▶ EXERCISE AIM
For this exercise, output the entries below exactly from the line that holds "Dafür würde ich" to the line that holds "位于素贴山上的双龙寺(又名素", both ends included. No pictures belong in the copy.

▶ SUPPLIED INFORMATION
○ ○ ○

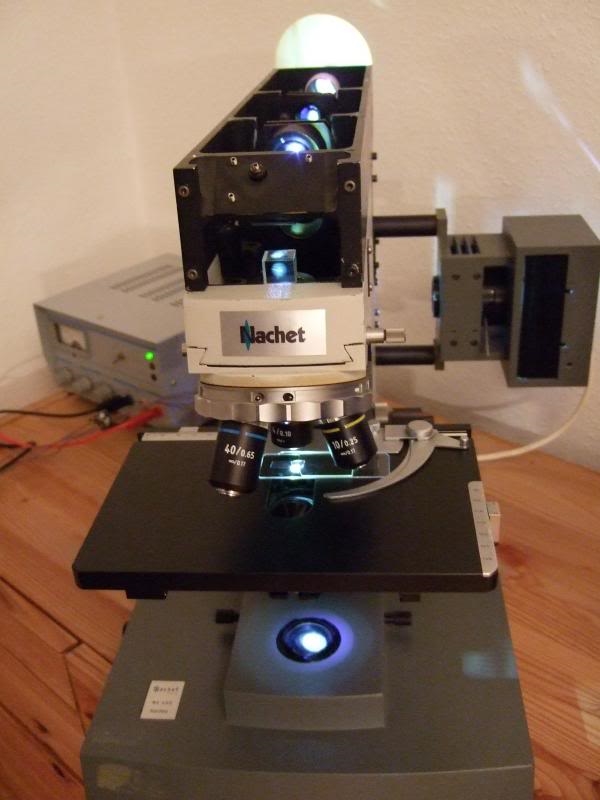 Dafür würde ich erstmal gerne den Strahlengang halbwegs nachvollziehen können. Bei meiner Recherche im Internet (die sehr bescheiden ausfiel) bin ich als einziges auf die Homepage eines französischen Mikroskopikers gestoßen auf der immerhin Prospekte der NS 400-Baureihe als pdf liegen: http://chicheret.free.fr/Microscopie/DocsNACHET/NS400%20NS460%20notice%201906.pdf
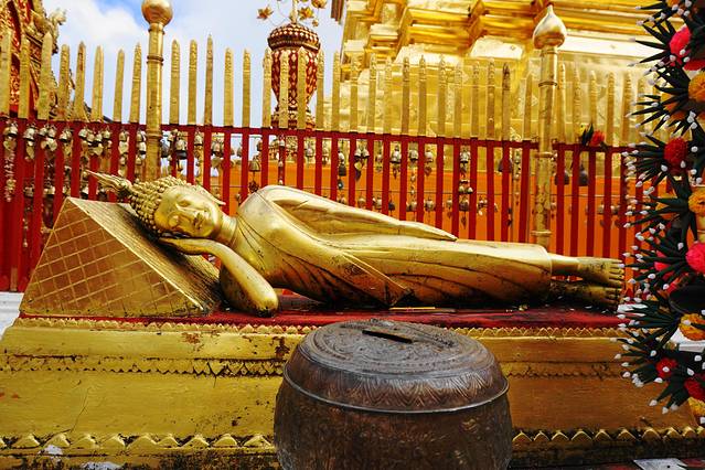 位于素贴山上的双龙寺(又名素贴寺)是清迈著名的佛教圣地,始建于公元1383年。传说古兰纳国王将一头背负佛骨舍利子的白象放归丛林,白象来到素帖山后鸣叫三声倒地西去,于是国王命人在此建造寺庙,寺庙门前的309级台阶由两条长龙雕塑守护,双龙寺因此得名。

○ ○ ○

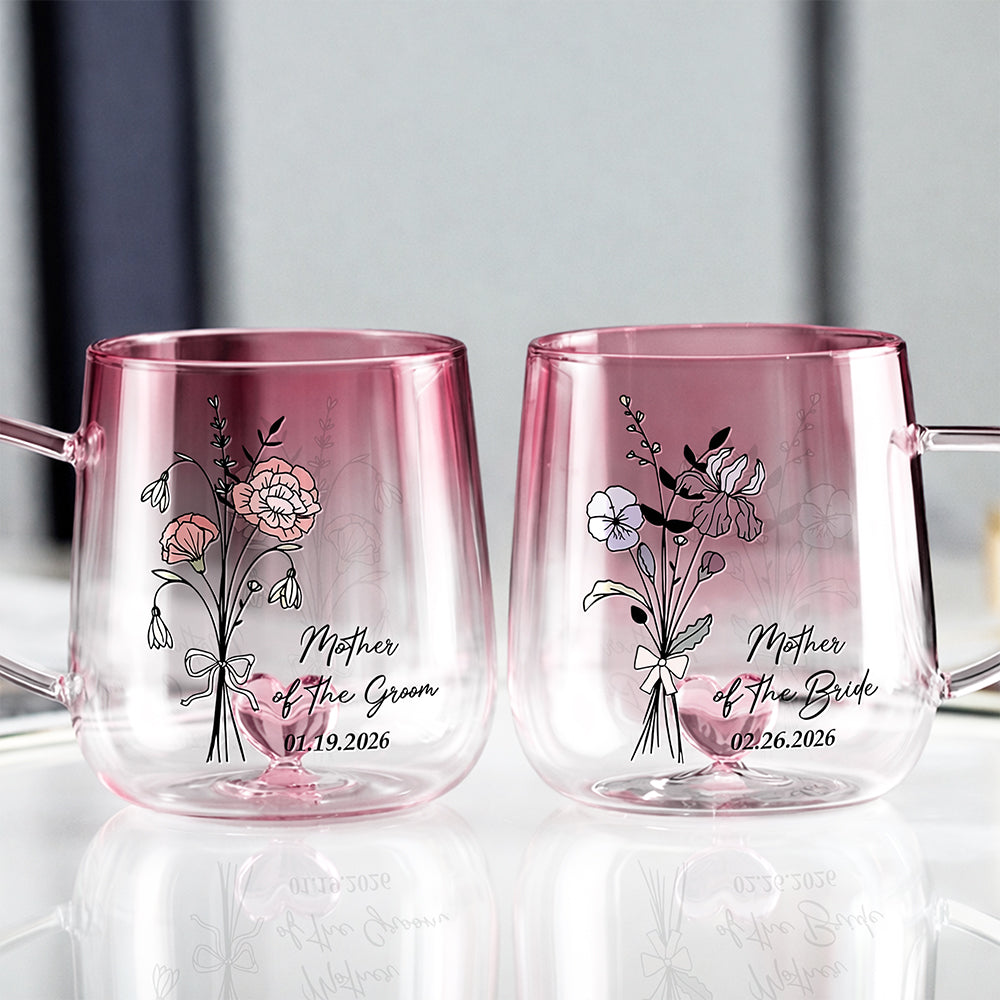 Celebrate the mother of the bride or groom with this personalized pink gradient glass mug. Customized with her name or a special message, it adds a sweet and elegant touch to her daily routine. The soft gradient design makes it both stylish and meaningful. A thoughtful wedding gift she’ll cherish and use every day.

○ ○ ○

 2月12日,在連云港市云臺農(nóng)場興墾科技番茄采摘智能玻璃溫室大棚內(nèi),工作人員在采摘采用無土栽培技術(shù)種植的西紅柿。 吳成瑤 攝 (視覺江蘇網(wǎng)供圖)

○ ○ ○

▶ EXPECTED OUTPUT
 Dafür würde ich erstmal gerne den Strahlengang halbwegs nachvollziehen können. Bei meiner Recherche im Internet (die sehr bescheiden ausfiel) bin ich als einziges auf die Homepage eines französischen Mikroskopikers gestoßen auf der immerhin Prospekte der NS 400-Baureihe als pdf liegen: http://chicheret.free.fr/Microscopie/DocsNACHET/NS400%20NS460%20notice%201906.pdf
 位于素贴山上的双龙寺(又名素贴寺)是清迈著名的佛教圣地,始建于公元1383年。传说古兰纳国王将一头背负佛骨舍利子的白象放归丛林,白象来到素帖山后鸣叫三声倒地西去,于是国王命人在此建造寺庙,寺庙门前的309级台阶由两条长龙雕塑守护,双龙寺因此得名。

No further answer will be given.